3.
Trolls

Mark Hombre del Norte, troll

MARK PERTENECÍA A UN CLAN DE trolls procedente de la vieja Escandinavia. En su familia, al contrario que los de interior, tenían el cabello rubio y los ojos azules. Si no llevara el maldito torque, que indicaba su condición, cualquiera podría confundirlo con un humano alto y guapo. Cosa que aprovechaba para sus estafas. Su blanco preferido, las mujeres y las ancianitas. El género femenino sentía una especial predilección por él, las seducía, les permitía creer que vivirían juntos un cuento de hadas y cuando más engañadas y más enamoradas de él estaban, les dejaba las cuentas vacías. Era muy bueno, nunca lo habían cogido. Nunca lo harían. No repetía timo en el mismo lugar.

Abandonó Semura cuando falleció su padre, siendo apenas un adolescente, y se dedicó a subsistir en otras polis a base de robos, estafas y negocios poco recomendables.
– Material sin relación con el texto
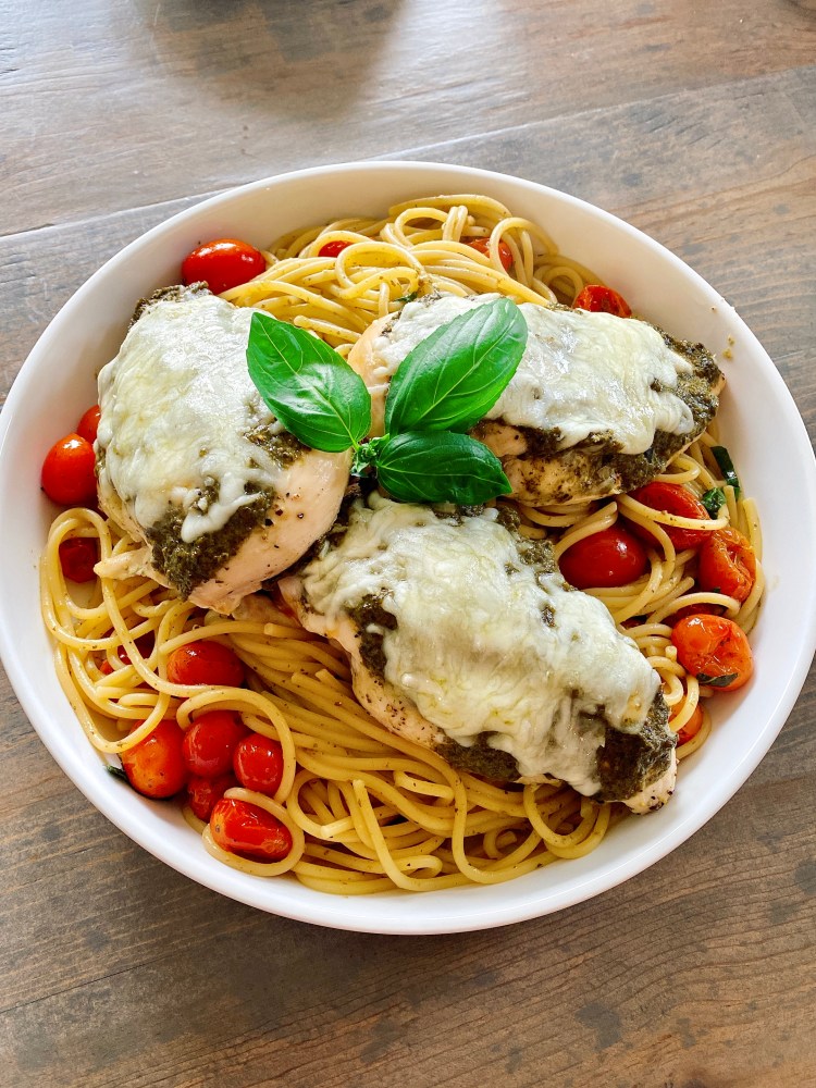 5. Five minutes before chicken is done, top each breast with a small handful of shredded cheese. Bake for 5 more minutes or until melted. Remove chicken from oven. Move chicken to a plate and remove garlic cloves from pan, discard. Pour tomatoes and their juices into the pasta along with fresh basil. Toss to combine.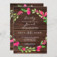 Faire-part Mariage champêtre en bois rustique avec fleurs ros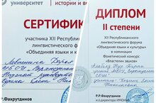 28 февраля в Высшей школе иностранных языков и перевода Института международных отношений, истории и востоковедения Казанского (Приволжского) федерального университета состоялся XII (XXVI) Республиканского лингвистического форума «Объединяя языки и культуры» (“Bridging Languages and Cultures”). В данном мероприятии приняли участие две ученицы МБОУ "Верхнеуслонская СОШ" Левашина Дарья и Алябьяд Нур. Поздравляем обучающихся с этим событием, желаем не останавливаться на достигнутых результатах.

Maduró de golpe, buscándose la vida en sus trapicheos y aprendiendo de ellos. Había regresado veinte años después y llevaba poco tiempo en casa, pero ya tenía puestos sus codiciosos ojos en varias viudas ricas y un par de divorciadas que se habían llevado una suculenta parte en el acuerdo de separación. Se aprovechaba de la ignorancia y el aislamiento que existía entre las distintas polis. Todavía mantenía relaciones con los bajos fondos, por medio de conocidos que habían trabajado con su padre en diferentes asuntos y contaba con varios y provechosos proyectos en perspectiva. Tenía intención de hacer carrera en Semura y vengar la muerte de su padre.

Además de sus actividades extracurriculares.

Irina

El siguiente vecino, un trasgo, viejo, enjuto, de tez olivácea, prácticamente le cerró la puerta en las narices, malhumorado por la interrupción de la policía. A pesar de los malos modos, a Irina no le hizo sospechar que ocultara algo. Sabía que muchos de los veteranos de la guerra, como aquel —reconocible por la marca en la base del cuello de las fuertes vacunas—, continuaban resentidos por los acuerdos de paz. Pero ella no tenía la culpa de lo que habían decidido unos políticos cuando ni siquiera sus padres habían nacido.

Le respondió con monosílabos, precisos y seguros, sin desviar nunca los oscuros y hundidos ojos de rata de la mirada inquisitiva de ella. No mentía. Se despidió de él de la mejor manera que supo y el trasgo, llamado Matías Domínguez, empujó la puerta y la cerró con un sonoro portazo, dejando a la detective en el umbral.

«Uno menos», se dijo tras tachar la dirección en su libreta de notas. Tan solo quedaba el último testigo. El más complicado, pensaba mientras subía a grandes zancadas la cuesta en la que se ubicaba la casa y taller de Antonio Escoria, alias Tony Chatarra, empresario y traficante de la mierda de elfo más barata y más impura que podía encontrarse en la polis. Los accidentes por el consumo de la droga de Chatarra se producían cada semana. La inclinación de la rampa aumentaba a medida que se acercaba y la calle se cerraba en una curva hacia la derecha. Desde la calle se veían los montones de hierros, chapas inservibles y restos de latón acumulados en caóticas torres a punto de romper su equilibrio. Sabía que los habitantes de la zona llamaban «Cuesta de la Chatarra» a aquella interminable y empinada rampa, por la cantidad de años que el chatarrero llevaba instalado en aquel lugar, sin indicios de que cambiara ni disminuyera su apilamiento de basura metálica.

Llamó con los nudillos a la puerta de aluminio pintada de verde, pues ni siquiera había un timbre. Al otro lado se escuchaban varias voces maldiciendo en el incomprensible dialecto de los trolls y una conversación que no lograba discernir. Irina no estaba segura de si habían escuchado su llamada. Golpeó la puerta de nuevo, ahora con mayor fuerza.

Silencio. Un sonido de una pieza metálica siendo arrastrada por el suelo.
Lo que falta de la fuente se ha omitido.